= Peter von Staufenberg =

Peter von Staufenberg is a Middle High German verse novella in 1,192 lines. It was written around 1310 by Egenolf von Staufenberg.

Egenolf was a member of an Alsatian noble family. Egenolf can be traced in documents from 1273, 1285 and 1320. He was dead by 1324. The prototype for the hero of his novella was probably a relative of his, the Peter von Staufenberg who is mentioned in documents of 1274 and 1287. Their name came from the castle of Staufenberg near Durbach in the Ortenau. In the poem, Peter is said to have become a knight at the Holy Sepulchre, perhaps in reference to the historical Peter's participation in the Crusade of 1267, where some are known to have been knighted there.

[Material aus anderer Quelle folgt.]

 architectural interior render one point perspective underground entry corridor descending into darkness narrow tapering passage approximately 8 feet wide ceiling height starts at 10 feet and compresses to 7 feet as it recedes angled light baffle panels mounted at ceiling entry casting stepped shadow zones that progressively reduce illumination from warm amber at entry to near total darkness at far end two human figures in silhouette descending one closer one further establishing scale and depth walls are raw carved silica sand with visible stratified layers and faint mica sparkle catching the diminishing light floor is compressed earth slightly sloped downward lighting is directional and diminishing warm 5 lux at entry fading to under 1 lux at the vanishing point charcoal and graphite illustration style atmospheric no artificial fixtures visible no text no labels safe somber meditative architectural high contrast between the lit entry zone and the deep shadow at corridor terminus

The hero of the story is Peter Diemringer, a virtuous knight of Staufenberg castle. He meets a beautiful woman with the supernatural ability to appear and disappear at will. He moves in with her, receiving sexual and material rewards on the condition that he marry no one else. If he does, he will die three days after the wedding. His family insists that he marry a niece of the Emperor and the clergy conclude that his lover is an emissary of Satan. He eventually gives in to social pressure to marry, but on his wedding day a woman's leg thrusts itself through the ceiling of the church and shoots out a bolt of lightning. Nevertheless, Peter is given three days as promised to prepare piously for his death.

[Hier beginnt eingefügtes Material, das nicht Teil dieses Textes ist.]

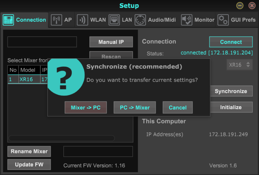 Для начала заходим в программу X AIR EDIT, в настройках нужно нажать кнопку Connect, после этого Mixer -> PC.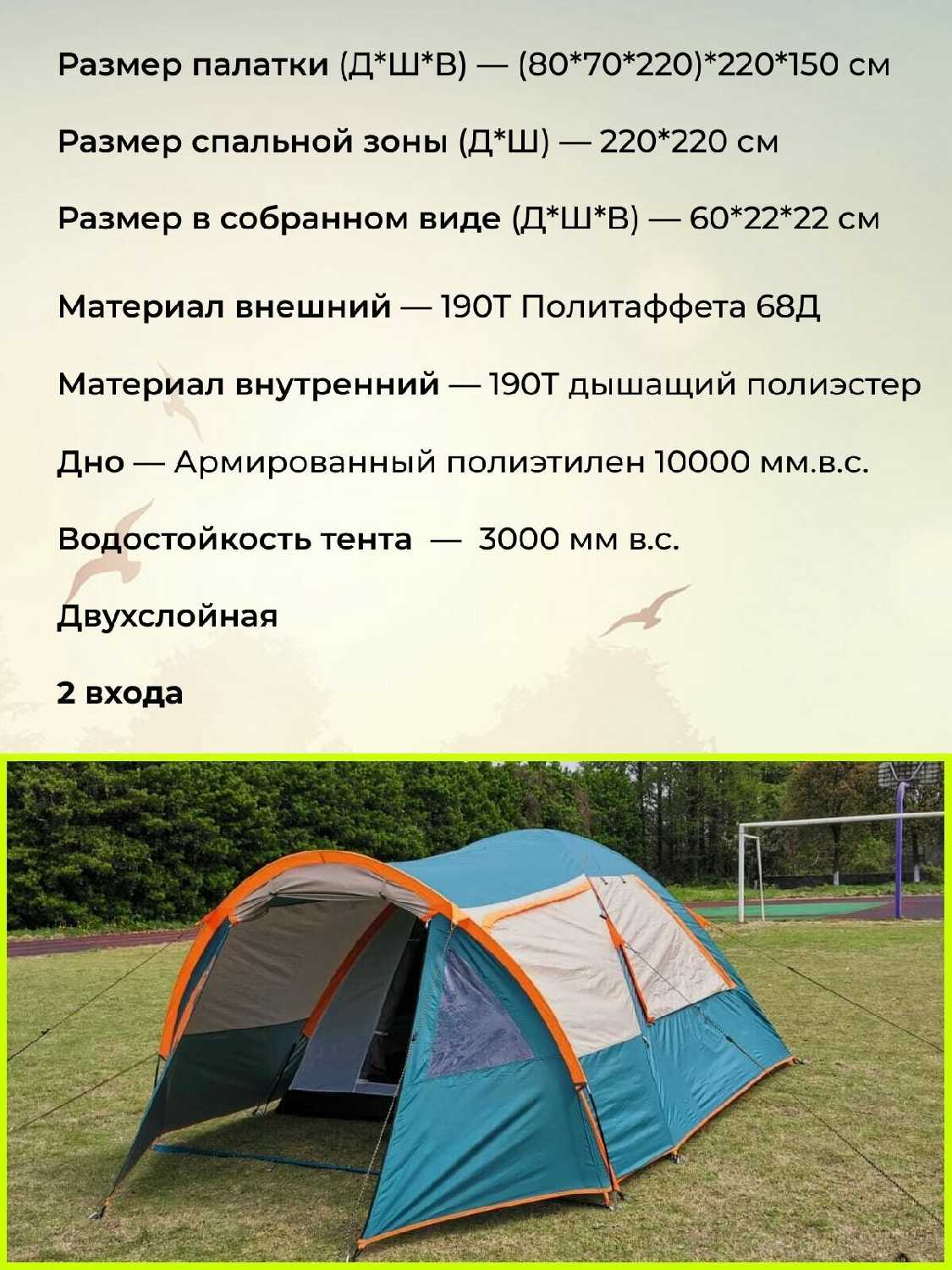- водостойкость тента: 3000 мм в. ст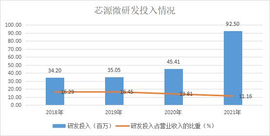 研发创新方面,芯源微在持续加大研发投入,近四年累计研发投入接近2.07亿元,2021年将近1亿元,比上一年增长103.68%。不过从研发力度上看略有下滑,研发投入虽然有所增加,但占营业收入比重仍在降低,2021年仅为11.16%。

Thematically, Peter von Staufenberg may be classed as a variation of the legend of Melusine or as belonging to the Knight of the Swan tradition. In terms of values and style, it belongs to the courtly tradition. It is also a moralizing tale in the genre of the mirror of princes, possessing a clear message to young men of Egenolf's social class: a rash promise in the pursuit of sexual pleasure ends tragically through female vindictiveness.

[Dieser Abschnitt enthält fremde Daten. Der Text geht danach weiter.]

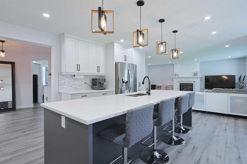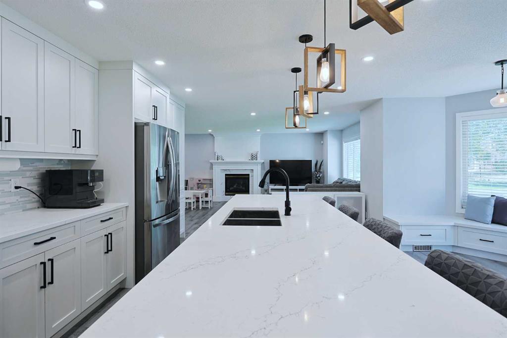 Knocking it out of the park is this beautifully renovated home tucked away in this quiet cul-de-sac in the highly-desirable golf course community of the Hamptons. Built by Sundance Homes, this extensively upgraded two storey enjoys vinyl plank floors & central air, total of 5 bedrooms + den, stunning designer kitchen with granite countertops & some of the improvements include interior paint & lighting, bathrooms, appliances & all polyB piping replaced with PEX. Wonderful family home featuring an expansive living room with gas fireplace & large picture window, separate formal dining room, breakfast nook with built-in seating & dedicated home office. The sleek new kitchen is a sight-to-behold, with its oversized central island & soft-close custom cabinetry, tile backsplash & stainless steel appliances including Fulgor Milano convection oven, Dacor gas cooktop & Bosch dishwasher. Upstairs on the 2nd floor are 3 terrific bedrooms & 2 full bathrooms, highlighted by the owners’ retreat with walk-in closet – complete with built-in organizers, & gorgeous ensuite with heated floors & free-standing soaker tub, granite-topped double vanities & oversized shower. Between the bedrooms is the open concept landing with 2 skylights & multi-purpose loft area…ideal as a lounge/sitting room, play area for the kids or study. The lower level – with high ceilings, is finished with 2 bedrooms, large rec room, storage room & renovated bathroom. Main floor laundry/mudroom with LG washer & dryer, built-in lockers, sink & granite countertops. Completed in the fall of 2021, among the extensive renovations: granite counters, kitchen & laundry room (including the appliances), interior paint & lighting, baseboards & interior doors, PEX piping, all the bathrooms & vinyl plank floors on the main & 2nd floors. Almost 8,000sqft pie lot…fully fenced & landscaped, complete with underground sprinklers, storage shed & deck with natural gas line for your BBQ. Truly incredible home here in this prime location within walking distance to the Hamptons School & bus stops, just minutes to the golf course & all neighbourhood amenities, shopping at the Hamptons Co-op & Edgemont Superstore plus quick easy access to schools & parks, major retail centers & hospitals, University of Calgary & downtown.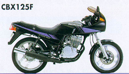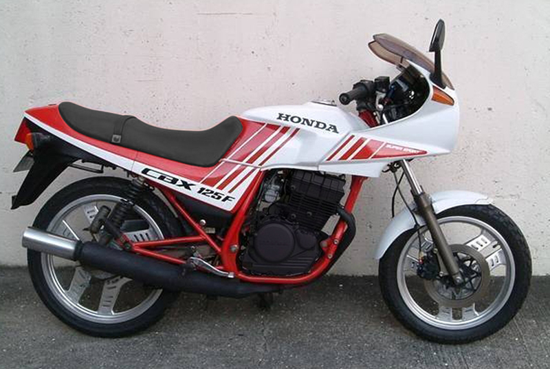 Make Model Honda CBX 125F Custom Year 1983 Engine Air cooled, four stroke, single cylinder, DOHC, 4 valve per cylinder Capacity 124 Bore x Stroke 58 x 47 mm Compression Ratio 11.0:1 Induction PF35 Ignition/Starting CDI / electric Max Power 17 hp @ 11500 rpm Max Torque 1.1 kg-m @ 8500 rpm Transmission /Drive 5 Speed / chain Frame Semi-double cradle Front Suspension Telescopic forks Rear Suspension Swinging arm Front Brakes Single disc Rear Brakes Drum Front Tyre 90/90 18 Rear Tyre 110/90- 16 Seat Height 770 mm Dry-Weight 114 kg Fuel Capacity 10 Litres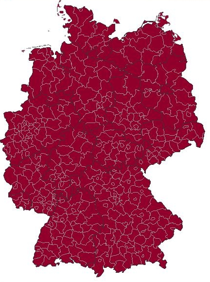Der Name Müller ist der häufigste Name in Deutschland und überall vertreten, wie man auf der Kartierung erkennen kann.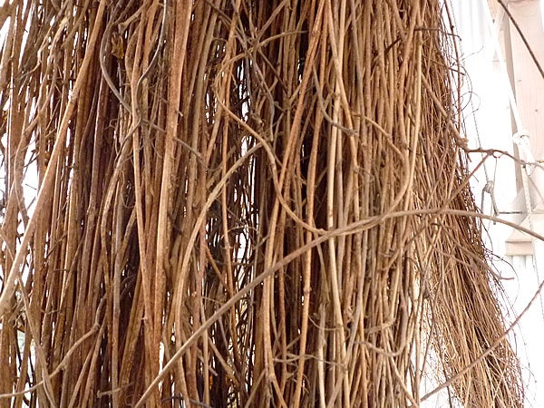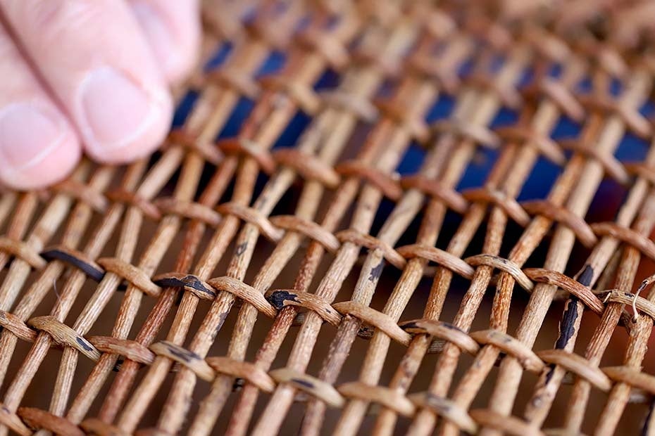 あけび細工に使われるツルは、山野に自生するものの中でも、地面を這うようにまっすぐ伸びた部分だけを選んで使用します。木に巻き付いた曲がりくねったツルではなく、素直に伸びたものが素材として適しているのです。しかし、採取してきたばかりのツルは、太いものもあれば細いものもあり、色合いや品質も実にさまざま。ここから不純物を取り除き、太さを選別し、編みやすい状態へ整えていく「材料取り」の工程が、実は最も手間と時間を要する大切な仕事です。この下準備なくして、美しいあけび籠は生まれません。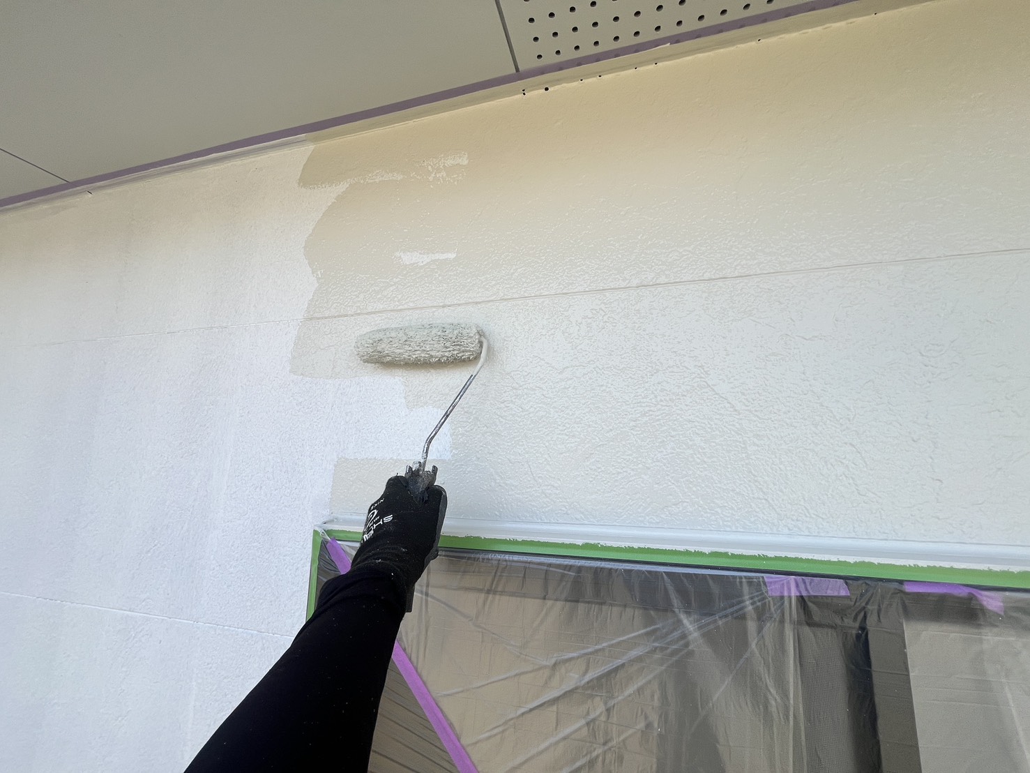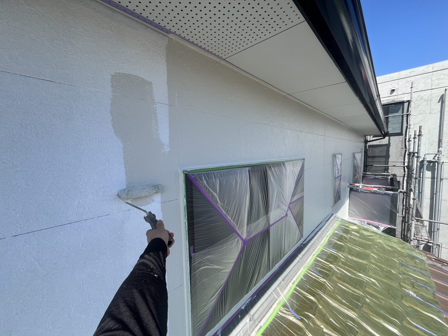 外壁・2F壁面窓廻り、中塗り:プレミアムシリコン・ラジカル塗料のローラー塗り施工です。
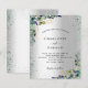 Imitat silber aussehender Hintergrund mit Eukalyptusgrün, goldgelbem Blattwerk und Glitzer mit silber und grünen Imitaten, Glitzern. Personalisieren und fügen Sie Ihre Namen und Hochzeitsdetails. Schwarze Buchstaben.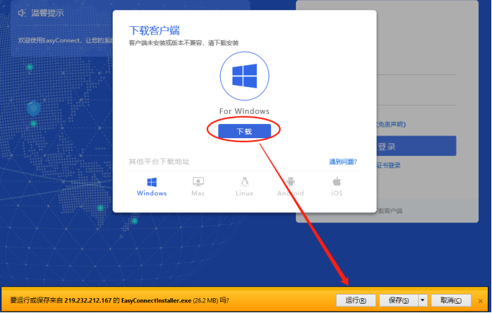 這里,不同的瀏覽器點擊下載后,彈出的對話框是不一樣的,目的就是下載客戶端并安裝。這里是以IE為例操作:點擊運行,彈出安裝界面:

Peter von Staufenberg draws on Celtic folklore mediated through works in Old French. It shares themes and folkloric motifs with the anonymous lay Guingamor, Marie de France's Guigemer and the anonymous Roman de Dolopathos. In German literature, it is part of the same tradition as Konrad von Würzburg's Partonopier und Meliur and Gottfried von Strassburg's Tristan.

In 1588, an adaptation of Peter von Staufenberg by Bernhard Schmidt was published with an introduction by Johann Fischart.